MONDAY
The scariest thing was waiting for us in the meeting room this morning. It was a huge projected figure on the wall with the head of Shilpa Shetty and the body of Jade Goody. Jed marched in, stood in front of it and said, ‘Ideas?’ Everyone mute. Except Wonky Tom who can’t bear silences and stammered, ‘Is this about broadcasting regulations?’ But our beloved Director of Strategy said it was not — or words to that effect which I can’t use here.

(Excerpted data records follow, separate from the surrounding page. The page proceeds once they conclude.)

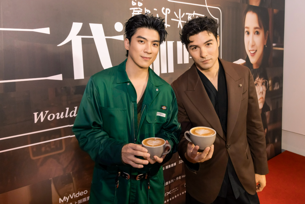 ▲ 鳳小岳(右)、林哲熹師徒較勁,現場露一手「咖啡愛心拉花」,應景白色情人節。。(圖:甲普國際媒體)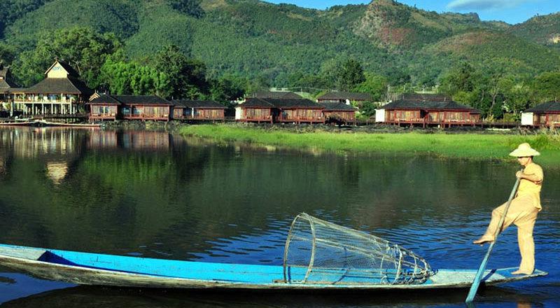 Complexe luxueux posé sur les eaux paisibles du lac Inle.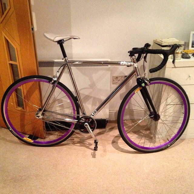 The winter hack. Bought this with a frozen seatpost, so a few days with caustic soda solution saw it removed. It also had a purple overdose, so removed as much anodising as possible! Rebuilt as Velocity deep v rims built onto Profile racing hubs, Vittoria tyres, Ultegra levers, Specialised bar and stem, Tektro brakes, Sturmey Archer Freewheel, Middleburn RS7 ISIS cranks, Blackspire chainring, Carbon seatpost, and Charge Spoon saddle.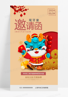 黄色中国风尾牙宴邀请函尾牙手机海报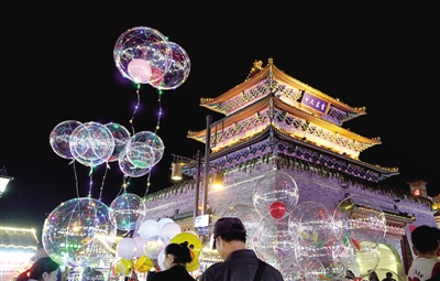 本報訊 連日來,朋友圈不少人都曬出了一種新型的夜晚逛街酷炫玩具——“發(fā)光氣球”!不止在鄭州,在開封等省內(nèi)城市,還有杭州、南京、武漢等也在風靡著這款“發(fā)光氣球”。夜色里遠看像是一串彩色燈飄浮在空中,深受孩童與情侶的追捧,悄然在街頭躥紅。
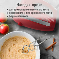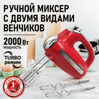 2000W, 5 скоростных режимов, 2 венчика для взбивания, 2 насадки для замеса, турбо режим, кнопка извлечения насадок, корпус - пластик, насадки - металл Компактный миксер с 5 скоростными режимами, турбо режимом и 2 комплектами насадок подходит для смешивания жидкостей, взбивания яиц или крема, приготовления пюре. Крючками можно замесить тесто для любимой выпечки. Миксер удобен и прост в использовании, имеет эргономичный дизайн корпуса, выполненного из высококачественного пластика. 5 скоростных режимов позволят выбрать оптимальную скорость вращения насадок для любого продукта. Кнопка извлечения насадок упрощает уход за миксером после окончания работы. Миксер легко впишется в дизайн любой кухни, не занимая много места, но при этом оставаясь всегда под рукой.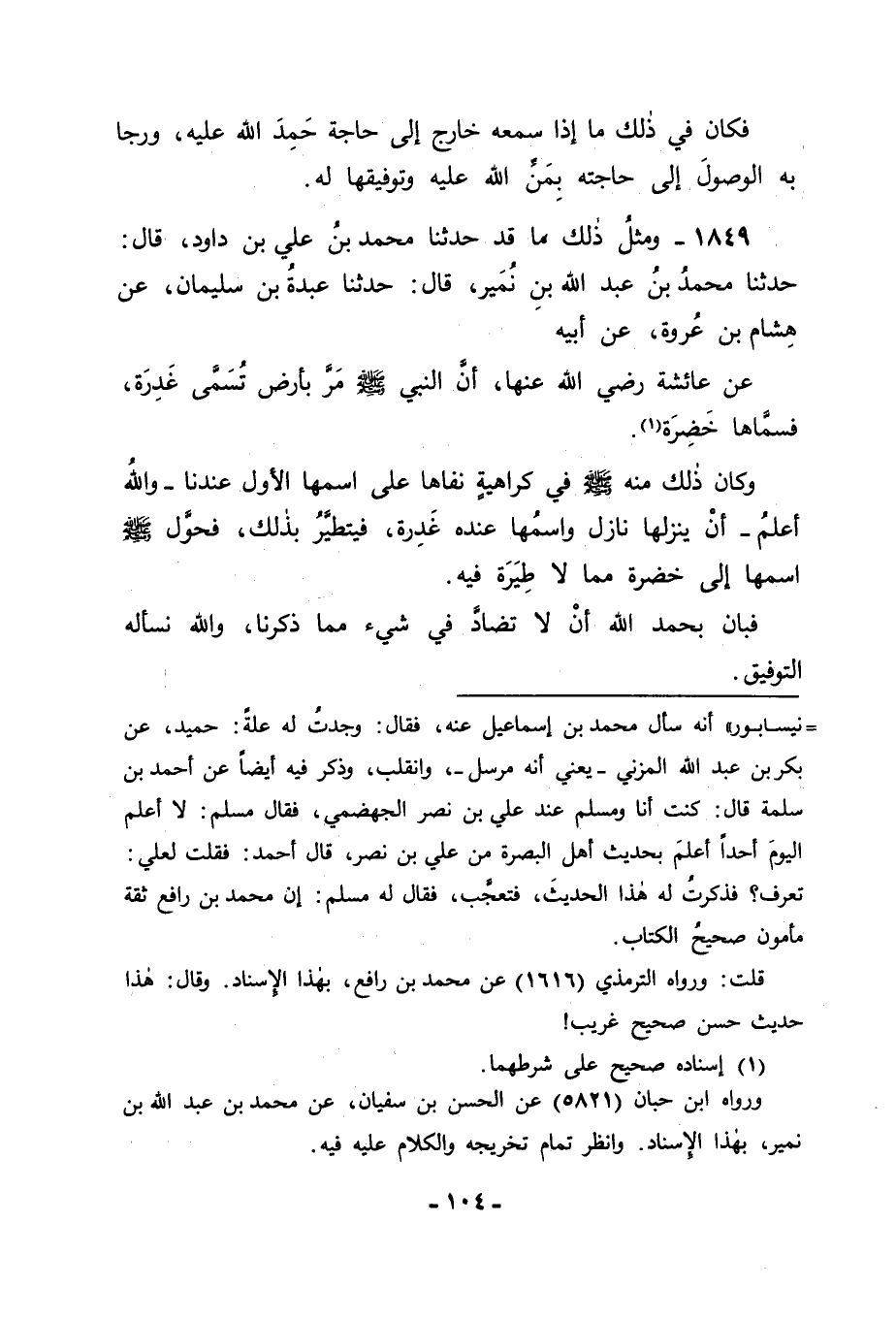 1849 - وَمِثْلُ ذَلِكَ مَا قَدْ حَدَّثَنَا مُحَمَّدُ بْنُ عَلِيِّ بْنِ دَاوُدَ قَالَ: حَدَّثَنَا مُحَمَّدُ بْنُ عَبْدِ اللهِ بْنِ نُمَيْرٍ قَالَ: حَدَّثَنَا عَبْدَةُ بْنُ سُلَيْمَانَ , عَنْ هِشَامِ بْنِ عُرْوَةَ , عَنْ أَبِيهِ , عَنْ عَائِشَةَ رَضِيَ اللهُ عَنْهَا: أَنَّ النَّبِيَّ صَلَّى اللَّهُ عَلَيْهِ وَسَلَّمَ مَرَّ بِأَرْضٍ تُسَمَّى غَدِرَةً , فَسَمَّاهَا خَضِرَةً. وَكَانَ ذَلِكَ مِنْهُ صَلَّى اللَّهُ عَلَيْهِ وَسَلَّمَ فِي كَرَاهِيَةٍ نَفَاهَا عَلَى اسْمِهَا الْأَوَّلِ عَنْدَنَا - وَاللهُ أَعْلَمُ - أَنْ يَنْزِلَهَا نَازِلٌ وَاسْمُهَا عَنْدَهُ غَدِرَةٌ , فَيَتَطَيَّرُ بِذَلِكَ , فَحَوَّلَ صَلَّى اللَّهُ عَلَيْهِ وَسَلَّمَ اسْمَهَا إِلَى خَضِرَةٍ , مِمَّا لَا طِيَرَةَ فِيهِ , فَبَانَ بِحَمْدِ اللهِ أَنْ لَا تَضَادَّ فِي شَيْءٍ مِمَّا ذَكَرْنَا , وَاللهَ نَسْأَلُهُ التَّوْفِيقَ

‘This, my fellow change-makers, is today’s Conservative party. Beautiful head — shame about the fat, horrible, reactionary bit underneath it.’ Why didn’t he just ask us to come up with new ways of marketing the shadow Cabinet? Why do we have to go through the stress of a ‘Dynamic Imaging Presentation’? We’ve all been assigned a frontbencher to ‘work on’. I’m not saying who mine is, but I’m going to recommend laser eye surgery, hair extensions and a gay affair.
TUESDAY
Lot of policy all of a sudden. We are going to limit the supply of fast food and take Big Macs off the street once and for all. It’s part of tackling social pollutants. Problem is — Dave’s also hinting his support for legalising cannabis! Nigel spotted the catch immediately: ‘If everyone starts smoking dope, aren’t they going to want to eat burgers afterwards?’ He’s so good at long-term policy projection.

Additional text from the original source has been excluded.